The atomic bomb made SAC’s early missions historic.
From the 1990 NET Television program, Cold Warriors Never Die

Housing was an early challenge for SAC until these apartment units were built

Housing was an early challenge for SAC until these apartment units were built
From the 1990 NET Television program, Cold Warriors Never Die

On September 18, 1945, the last of 531 Omaha-produced B-29s rolled out of the final assembly hall of the Martin Plant. On April 1, 1946, the Martin Company’s last 100 workers left the plant. The bomber plant was used for storage of machine tools from 1946 to 1948. Fort Crook, which was where the Martin Bomber Plant was located, was transferred to the U.S. Air Force and became Offutt Air Force Base in 1948. The Strategic Air Command Headquarters was moved to Offutt that same year.

In order to protect itself and its allies from communism, the United States created the Strategic Air Command (or SAC) in 1946. The Command was responsible for a network of military bases and all of the atomic weapons of the United States. Two years later, Nebraska became a major player in the Cold War with the selection of Offutt Air Force Base (just south of Omaha) as the world headquarters for SAC.
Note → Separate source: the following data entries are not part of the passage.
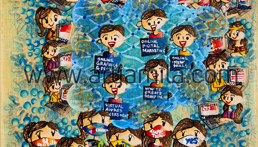 Distance is no longer an issue. Everyone from all over the world is connected through the Cloud. As seen in this painting, youth in South East Asia are wearing their traditional costumes and connected through their devices and the Cloud for attending courses, ceremonies and events online. We have learnt a lot from this pandemic. Even though we have to work and study in isolation, we can stay connected virtually through technology. We have to adapt a new way of life and learn to be resilient. Everything is superimposed with the virus in the background to indicate that we must learn to live with the virus for a long time and adapt to the new normal of doing things.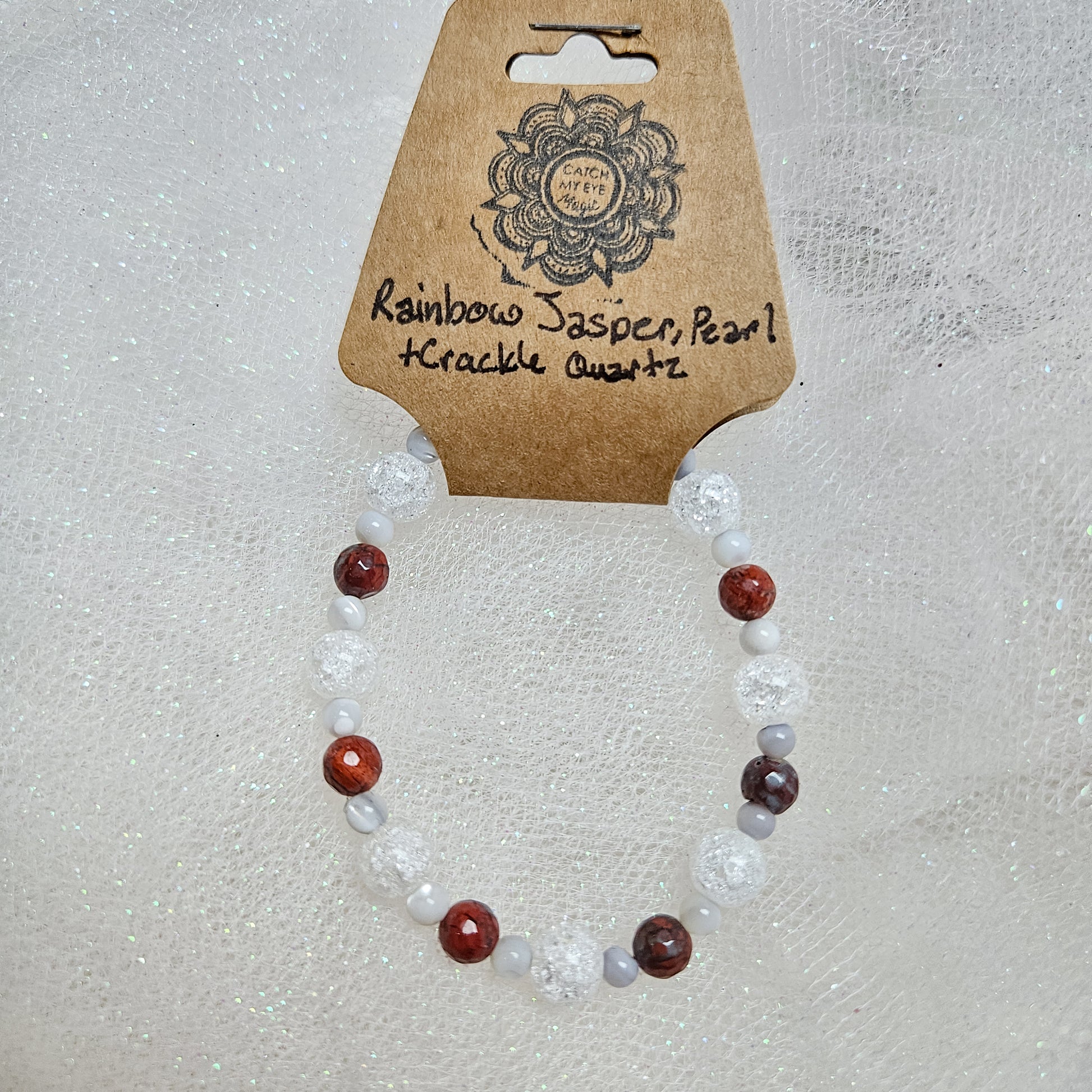 Rainbow Jasper, Pearl & Crackle Quartz Crystal Bracelet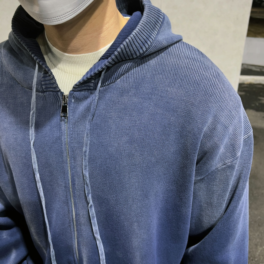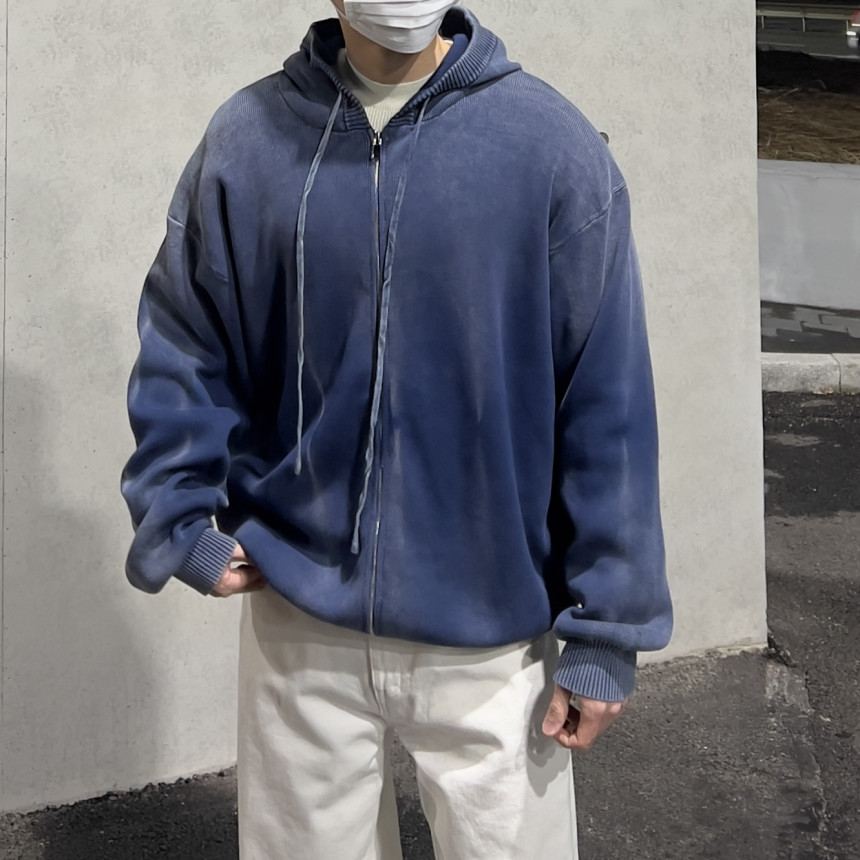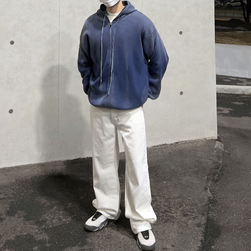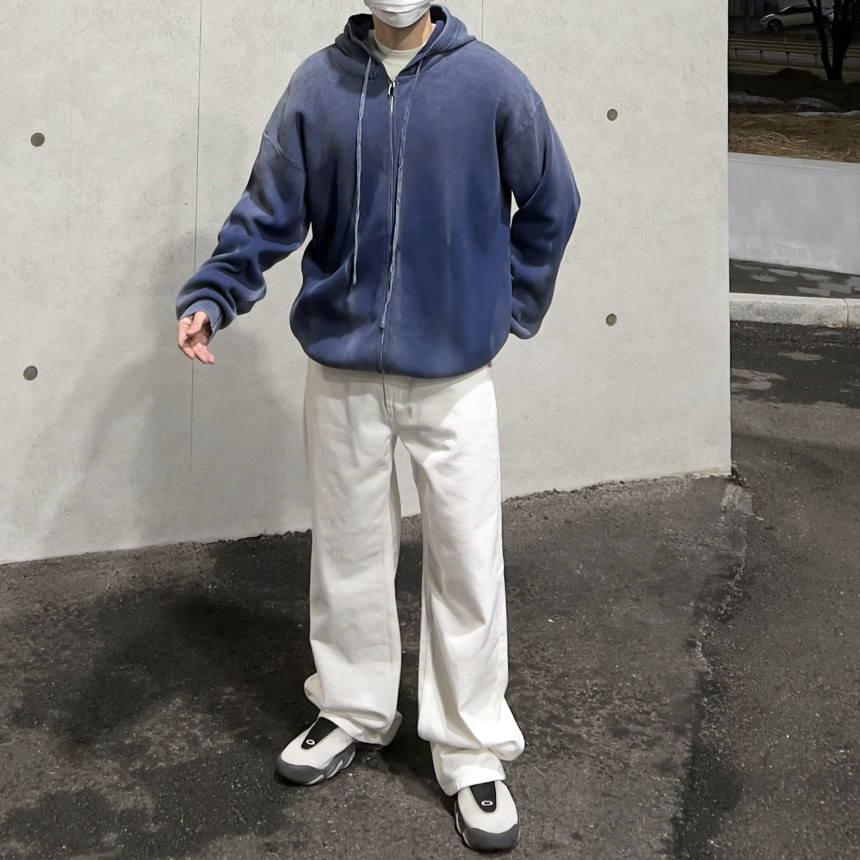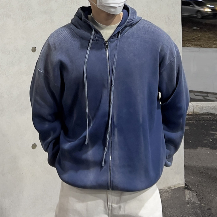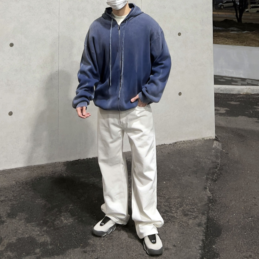 - 워싱 공정을 거쳐 세탁 시 축률 최소화 / 이후 수작업 스프레이 염색 / 투 웨이 지퍼 사용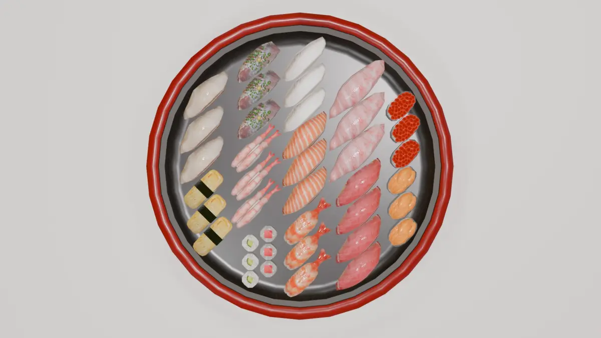 Otoro (Fatty Tuna) Maguro Akami (Lean Tuna) Horse Mackerel Squid Salmon Roe Sea Urchin Shrimp Cucumber Roll Salmon Tamagoyaki (Japanese Omelette) Sweet Shrimp Sea Bream Tekka Maki (Tuna Roll)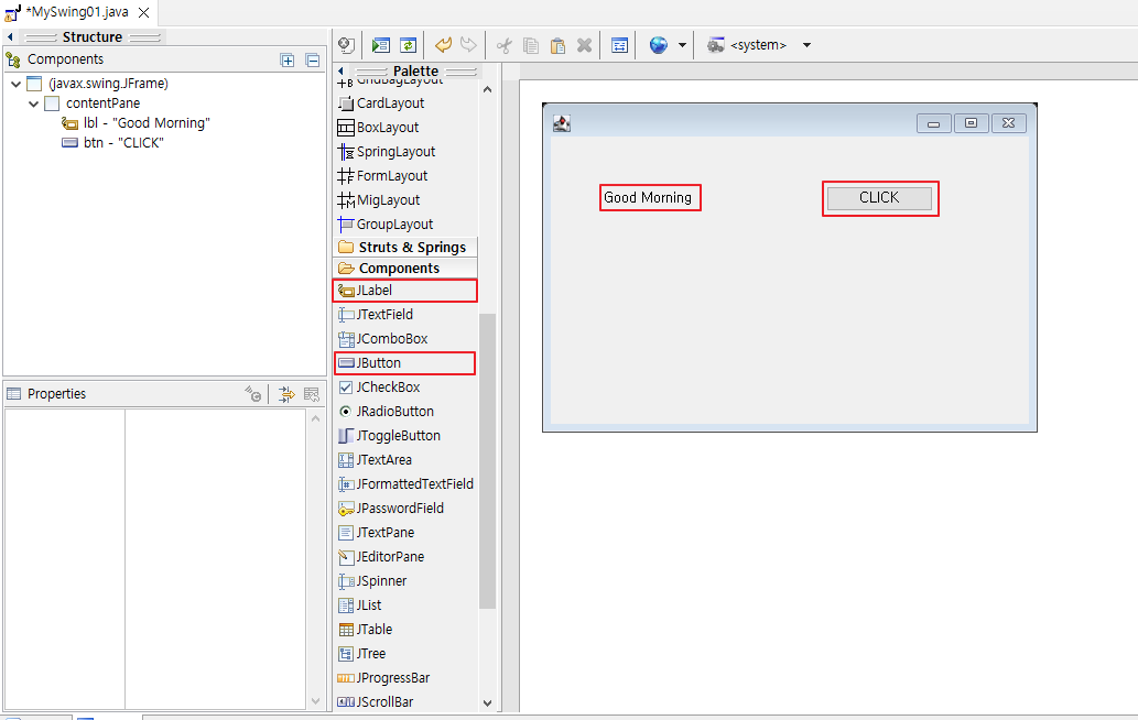 5. JLabel, JButton 클릭 후 패널 클릭하여 생성

The selection of Offutt was not by accident. First, Omaha was a central location protected from the coasts by half a continent. Also, Offutt had been the site of the Glenn L. Martin bomber plant bomber plant during World War II, and it had one of the few runways in the middle of the continent long enough to handle fully loaded B-29s.

SAC shield at entry of command center, building 501, looking west, Offutt Air Force Base, Strategic Air Command Headquarters & Command Center

SAC shield at entry of command center, building 501, looking west, Offutt Air Force Base, Strategic Air Command Headquarters & Command Center
Courtesy Library of Congress, 198336p

There were political forces at work as well. Nebraska’s two republican U.S. Senators, High Butler and Kenneth Wherry, were instrumental in securing SAC. Both men utilized their political connections in the Senate to lure Air Force leaders to Omaha. And the senators guarenteed that Omaha builders would provide adequate housing for more than 20,000 service personnel and dependents who would eventually staff the base. At the height of the war in Vietnam, over 36,000 airmen and their dependents, and an additional 2,000 civilians worked at the SAC headquarters.

Offutt AFB had played a key role in American military history for over 100 years beginning with the construction of Fort Crook in the 1890s. The 61st Balloon Company became the first air unit based at the post in 1918, and an airfield was created by 1921. The airfield portion of Fort Crook was designated Offutt Field in 1924 in honor of 1st Lt. Jarvis J. Offutt who was killed while flying with the Royal Air Force in France. He was Omaha’s first World War I air casualty. In 1940, Fort Crook was chosen as the site for the new bomber plant. The Martin Company began producing bombers in 1942, including the Enola Gay and Bock’s Car, the two B-29s that dropped the atomic bombs on Hiroshima and Nagasaki, Japan. Production ended in 1945.

The old frontier fort underwent startling changes in the Cold War years that followed. Operations at Offutt included the basing of alert bombers and tankers in the late 1950s and 1960s, support for intercontinental ballistic missile sites in Nebraska in the 1960s, and worldwide reconnaissance from the mid-1960s to the present.